■ WORK REQUIRED ■
An exact reproduction is needed of every line from the beginning of the data down to and including the line that contains "1、用车:根据人数安排用车,5座SUV/7座商务车/9座商务车;", minus the pictures.

■ Data excerpts ■
::::

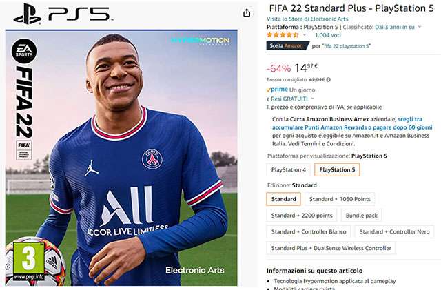 In anticipo rispetto all’inizio della Settimana del Black Friday (dal 18 al 28 novembre), spunta su Amazon un affare dedicato agli amanti delle simulazioni calcistiche: FIFA 22 per PS5a 14,97 euro su Amazon. Con uno sconto del 64%, il titolo è disponibile immediatamente e con spedizione gratuita per gli abbonati Prime.
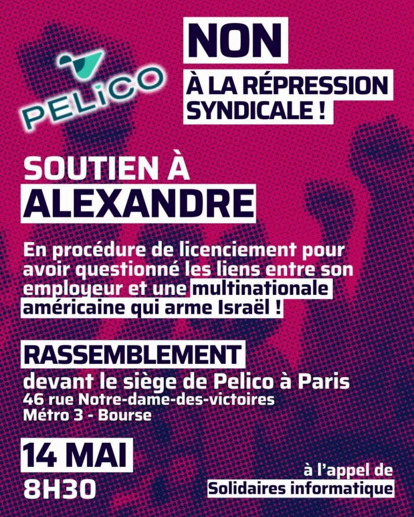Le syndicat Solidaires Informatique appelle à se mobiliser en soutien à Alexandre, syndicaliste réprimé par son employeur pour avoir dénoncé les liens de son entreprise, Pelico, avec un vendeur d’armes complice d’Israël. En particulier, ils appellent à un rassemblement ce mercredi 14 mai 8h30 devant Pelico à Paris (46 rue Notre-dame-des-Victoires, Métro 3 – Bourse).
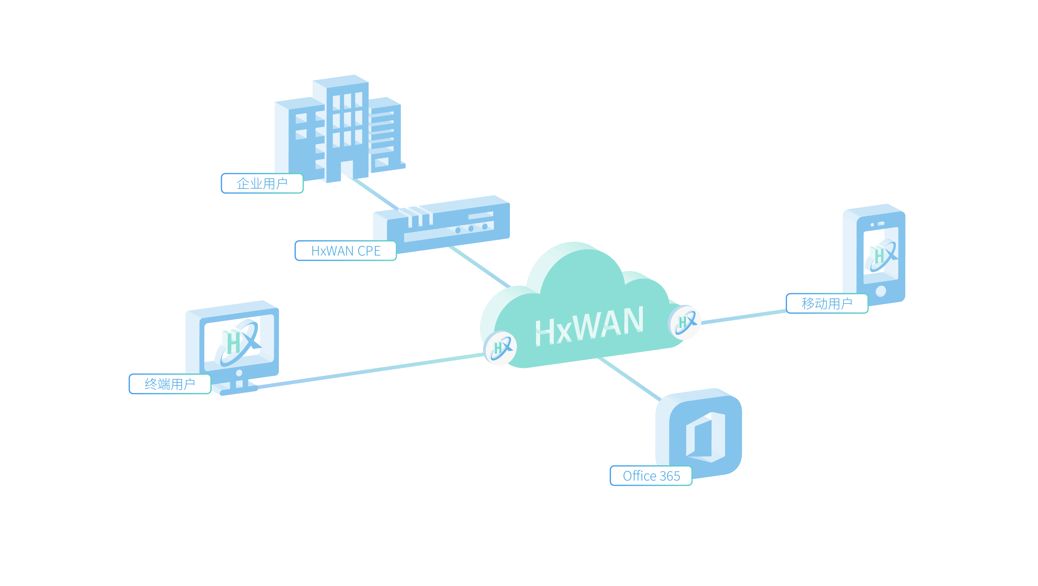 华夏创新 HxWAN 通过在企业用户网络中部署专用接入设备 HxWAN CPE,将用户访问 Office 365 的业务流量接入运营网络中。用户也可通过安装华夏创新 HxWAN 客户端软件以解决移动办公中对 Office 365 服务访问优化的需求。
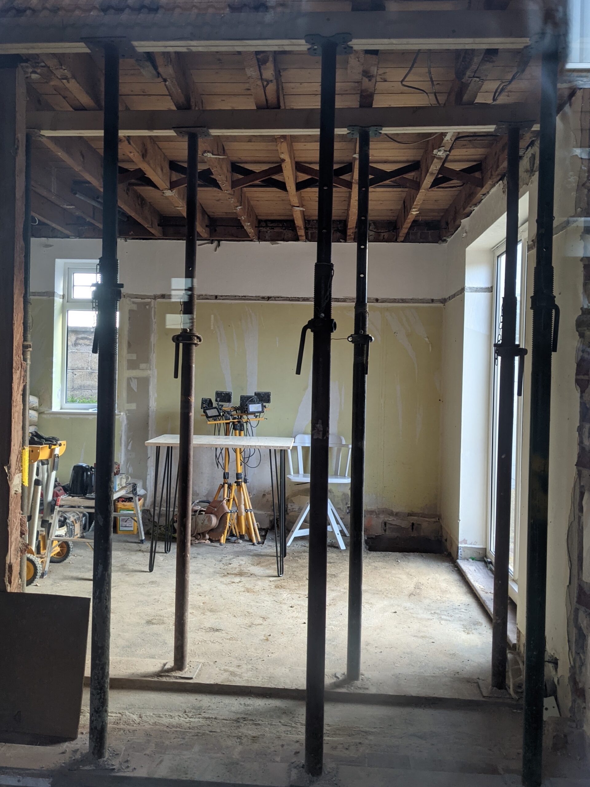 Progress on the house redevelopment is continuing, and this week the builders took over the hub of the house to extend the kitchen and dining room and to combine them into one. Walls were dropped, floors came up and then the ceilings came down too, all intentional developments. Quite an upheaval but everything in there needed more than a facelift. We are adding a utility room and a second bathroom into the equation, just for good measure while the construction (actually demolition) is underway. What once stood as walls seems to take ten times the space when dropped. First the negative and now for the positive.
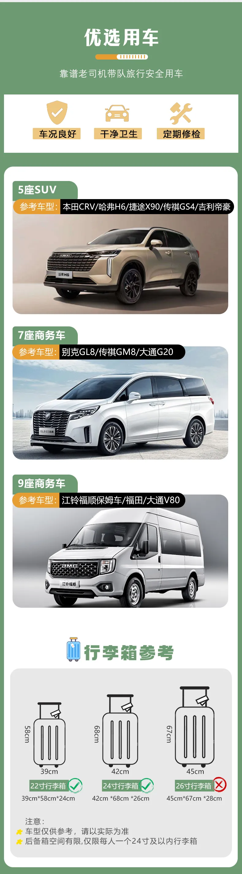 1、用车:根据人数安排用车,5座SUV/7座商务车/9座商务车;
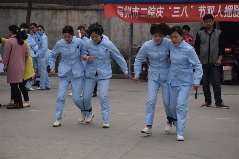 “加油!加油!”一声声响亮而有力的呐喊声在市二院河畔广场此起彼伏,胜利的欢呼声洋溢在春暖花开的三月里,格外引人注目。为庆祝国际“三八”妇女节,丰富二院妇女同志的业余文化生活,3月4日下午,我院工会组织举办了一场别开生面的“双人绑腿跑”比赛活动。
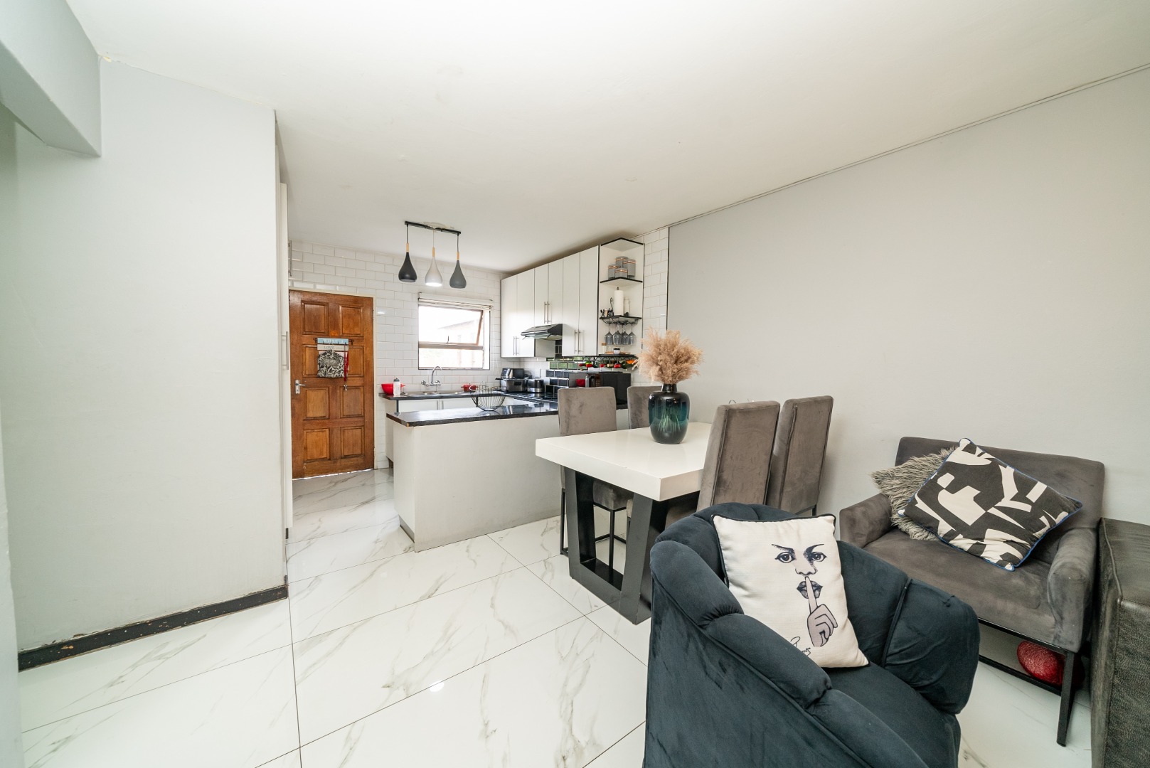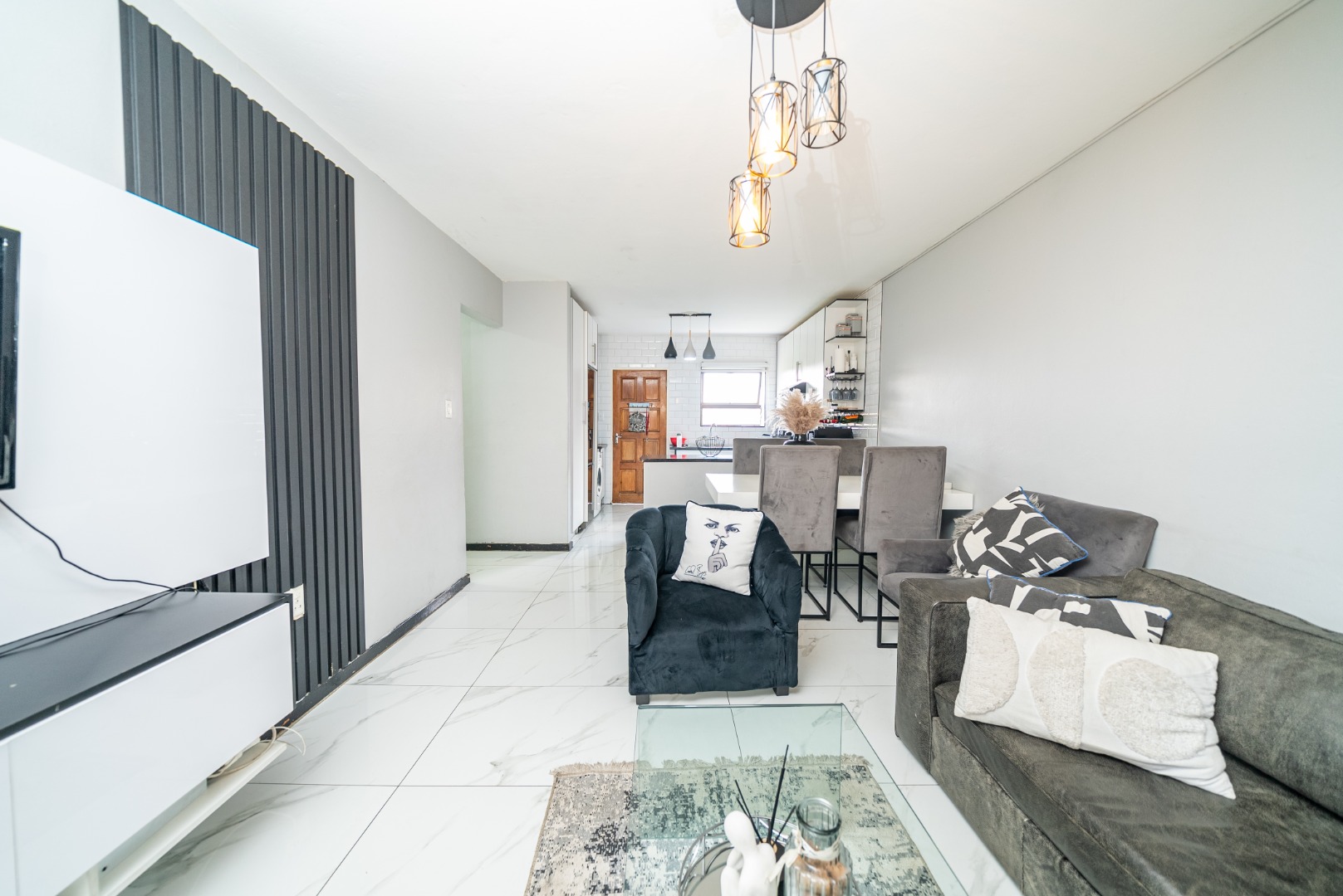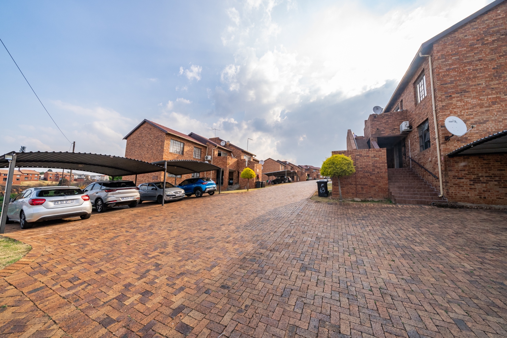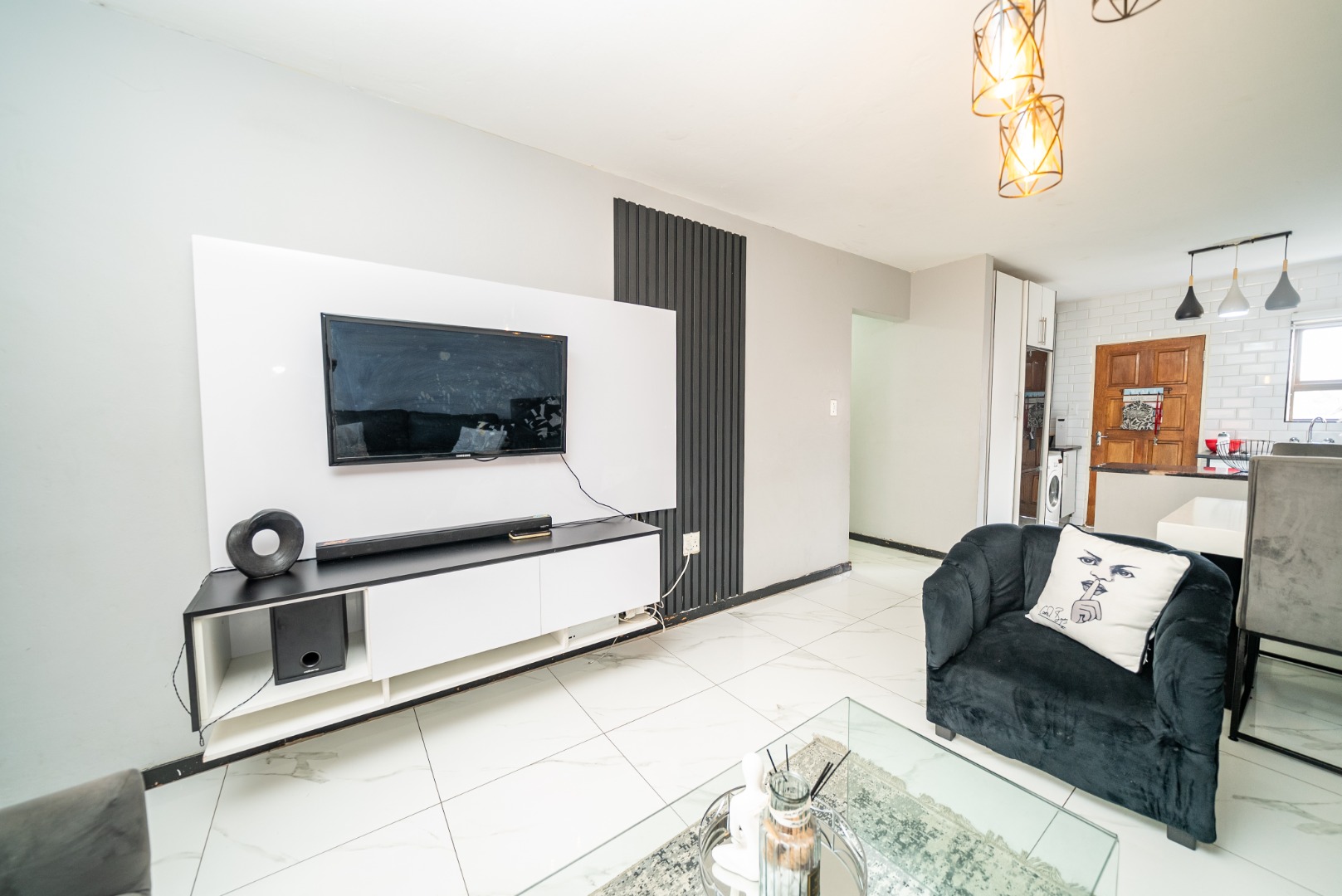Discover contemporary living in this inviting 77 sqm residential sale property. The open-plan layout seamlessly integrates the lounge, dining area, and a stylish kitchen, creating a spacious and bright environment. Adorned with sleek white tiled flooring and light grey walls, the modern kitchen features white cabinetry, black countertops, a subway tile backsplash, and elegant pendant lighting. A contemporary TV feature wall and large sliding doors, equipped with security gates, enhance the living space, allowing for abundant natural light and easy access to the outdoors. This home offers three well-proportioned bedrooms and two modern bathrooms, including a private en-suite, plus a convenient guest toilet. Step outside to a private covered patio, perfect for outdoor enjoyment. The property features durable brick construction, brick-paved driveways, and dedicated covered parking for two vehicles, ensuring practicality and ease of access. The neat and uniform brick exterior with modern dark-framed windows contributes to its appealing kerb side presence. Situated within a secure estate and gated community, this property offers peace of mind with 24-hour security, an access gate, security post, electric fencing, and an intercom system. Further enhancing security, the sliding doors are fitted with security gates. Fibre connectivity is available, catering to modern communication needs. Located in a cul-de-sac within the estate, it offers a tranquil setting away from through traffic. Key Features: * 3 Bedrooms, 2 Bathrooms (1 en-suite) * Open-plan living, dining, and modern kitchen * 77 sqm floor size * Covered patio with sliding security doors * Dedicated covered parking for 2 vehicles * Secure estate with 24-hour security and electric fencing * Fibre ready * Brick exterior with paved driveway
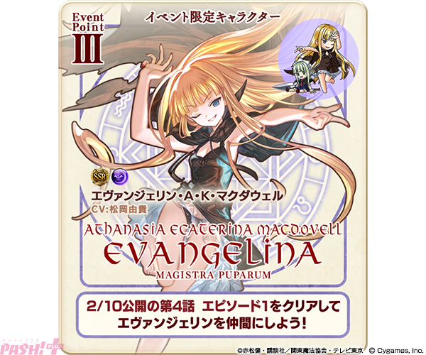2月10日(月)にイベントストーリーを追加。物語は結末へ! 第4話エピソード1をクリアすることで、キャラクター「エヴァンジェリン・A・K・マクダウェル」が仲間になります。
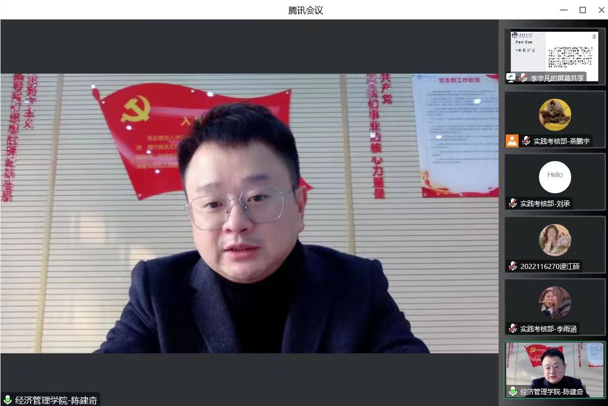 402永利集团官网入口团委积极响应学校号召,精心组织、周密安排,成功申报并立项多支校级、院级和专项队伍。2023年1月5日上午,402永利集团官网入口寒假“返家乡”调研社会实践安全培训暨动员大会在线上举行,学院团委副书记陈建奇、青年志愿者协会干部以及15支校、院级及专项队伍一起参加了大会。
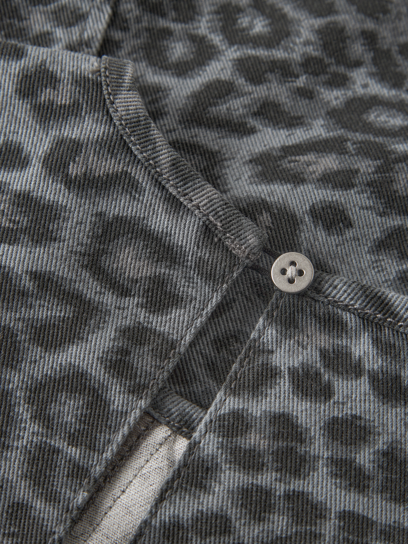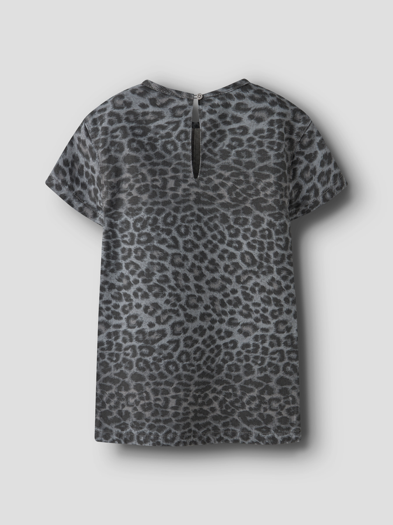 Sødeste søde denim kjole fra Name it. Den er med møg sejt leo print i forvaskede farver. Den er i lige fit, med korte ærmer og rund hals. Den er med hul knap lukning i nakken.
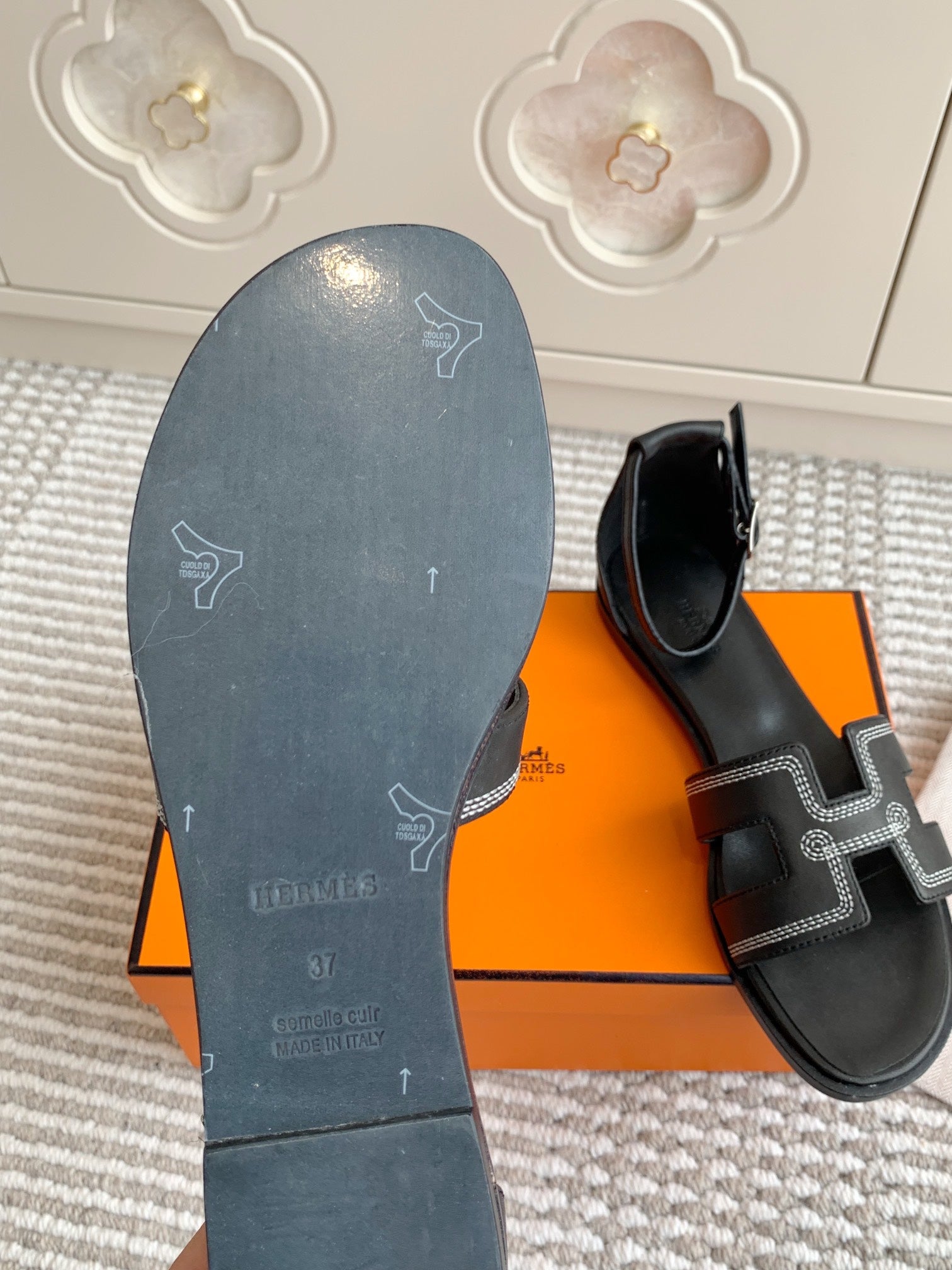 HM Izmir Sandals Gray Black Calfskin 294940

::::

■ ANSWER TO THIS EXERCISE ■
 In anticipo rispetto all’inizio della Settimana del Black Friday (dal 18 al 28 novembre), spunta su Amazon un affare dedicato agli amanti delle simulazioni calcistiche: FIFA 22 per PS5a 14,97 euro su Amazon. Con uno sconto del 64%, il titolo è disponibile immediatamente e con spedizione gratuita per gli abbonati Prime.
Le syndicat Solidaires Informatique appelle à se mobiliser en soutien à Alexandre, syndicaliste réprimé par son employeur pour avoir dénoncé les liens de son entreprise, Pelico, avec un vendeur d’armes complice d’Israël. En particulier, ils appellent à un rassemblement ce mercredi 14 mai 8h30 devant Pelico à Paris (46 rue Notre-dame-des-Victoires, Métro 3 – Bourse).
 华夏创新 HxWAN 通过在企业用户网络中部署专用接入设备 HxWAN CPE,将用户访问 Office 365 的业务流量接入运营网络中。用户也可通过安装华夏创新 HxWAN 客户端软件以解决移动办公中对 Office 365 服务访问优化的需求。
 Progress on the house redevelopment is continuing, and this week the builders took over the hub of the house to extend the kitchen and dining room and to combine them into one. Walls were dropped, floors came up and then the ceilings came down too, all intentional developments. Quite an upheaval but everything in there needed more than a facelift. We are adding a utility room and a second bathroom into the equation, just for good measure while the construction (actually demolition) is underway. What once stood as walls seems to take ten times the space when dropped. First the negative and now for the positive.
 1、用车:根据人数安排用车,5座SUV/7座商务车/9座商务车;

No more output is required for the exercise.